Work order – Reproduce the section of the listing that begins at the line containing "The Hare and" and finishes at the line containing "A luxurious gold". Include both end lines and nothing beyond them.

Exercise data –
• • • • •
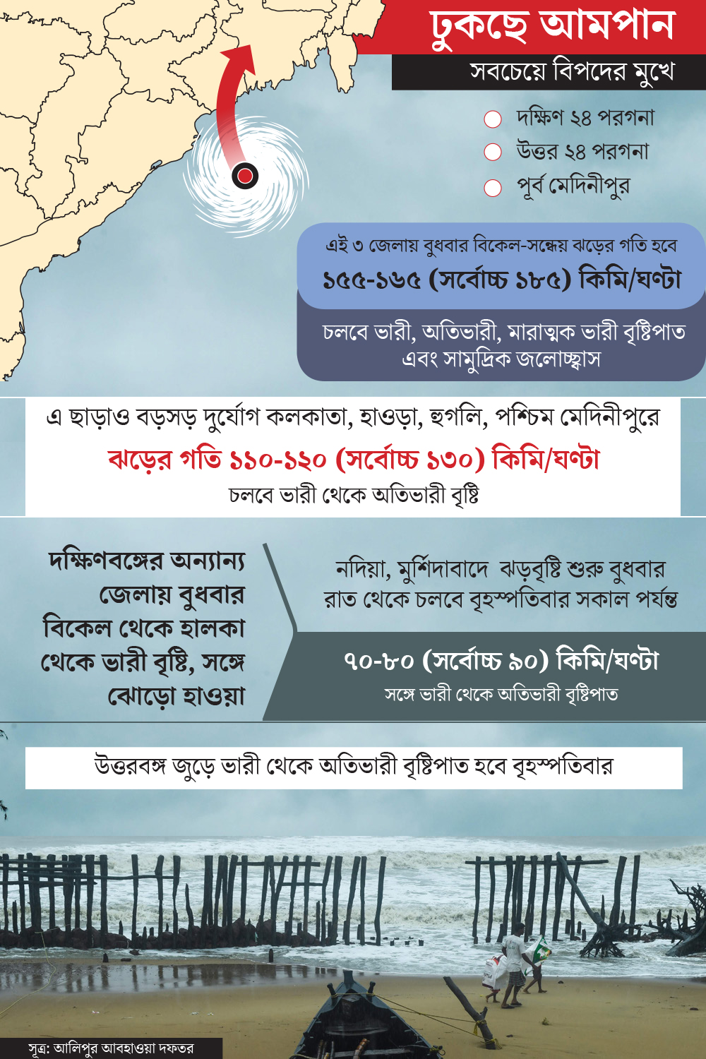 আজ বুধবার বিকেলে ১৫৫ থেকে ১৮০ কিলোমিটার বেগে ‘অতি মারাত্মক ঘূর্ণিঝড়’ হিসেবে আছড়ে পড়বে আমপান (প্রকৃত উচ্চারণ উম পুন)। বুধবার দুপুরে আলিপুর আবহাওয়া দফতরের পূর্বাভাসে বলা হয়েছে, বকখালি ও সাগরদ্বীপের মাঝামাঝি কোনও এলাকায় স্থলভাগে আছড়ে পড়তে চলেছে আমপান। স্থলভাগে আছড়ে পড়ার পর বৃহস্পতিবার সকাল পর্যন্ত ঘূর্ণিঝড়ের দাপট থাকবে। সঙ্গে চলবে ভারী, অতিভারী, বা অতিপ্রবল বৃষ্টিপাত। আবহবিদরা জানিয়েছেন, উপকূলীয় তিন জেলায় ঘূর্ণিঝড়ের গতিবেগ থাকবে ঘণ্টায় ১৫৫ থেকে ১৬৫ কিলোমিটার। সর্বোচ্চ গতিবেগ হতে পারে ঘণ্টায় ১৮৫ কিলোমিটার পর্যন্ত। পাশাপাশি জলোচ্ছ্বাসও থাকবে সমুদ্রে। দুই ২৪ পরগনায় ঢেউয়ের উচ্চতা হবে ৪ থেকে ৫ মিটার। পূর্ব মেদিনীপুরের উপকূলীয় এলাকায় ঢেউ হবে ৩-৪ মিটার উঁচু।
• • • • •
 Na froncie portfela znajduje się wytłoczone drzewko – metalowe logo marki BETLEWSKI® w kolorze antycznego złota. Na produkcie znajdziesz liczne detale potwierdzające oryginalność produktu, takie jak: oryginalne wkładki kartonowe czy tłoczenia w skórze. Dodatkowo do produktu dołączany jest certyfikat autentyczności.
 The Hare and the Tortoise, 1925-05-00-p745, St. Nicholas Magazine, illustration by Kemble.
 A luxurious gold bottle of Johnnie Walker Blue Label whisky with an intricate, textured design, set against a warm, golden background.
• • • • •
Result –
 The Hare and the Tortoise, 1925-05-00-p745, St. Nicholas Magazine, illustration by Kemble.
 A luxurious gold bottle of Johnnie Walker Blue Label whisky with an intricate, textured design, set against a warm, golden background.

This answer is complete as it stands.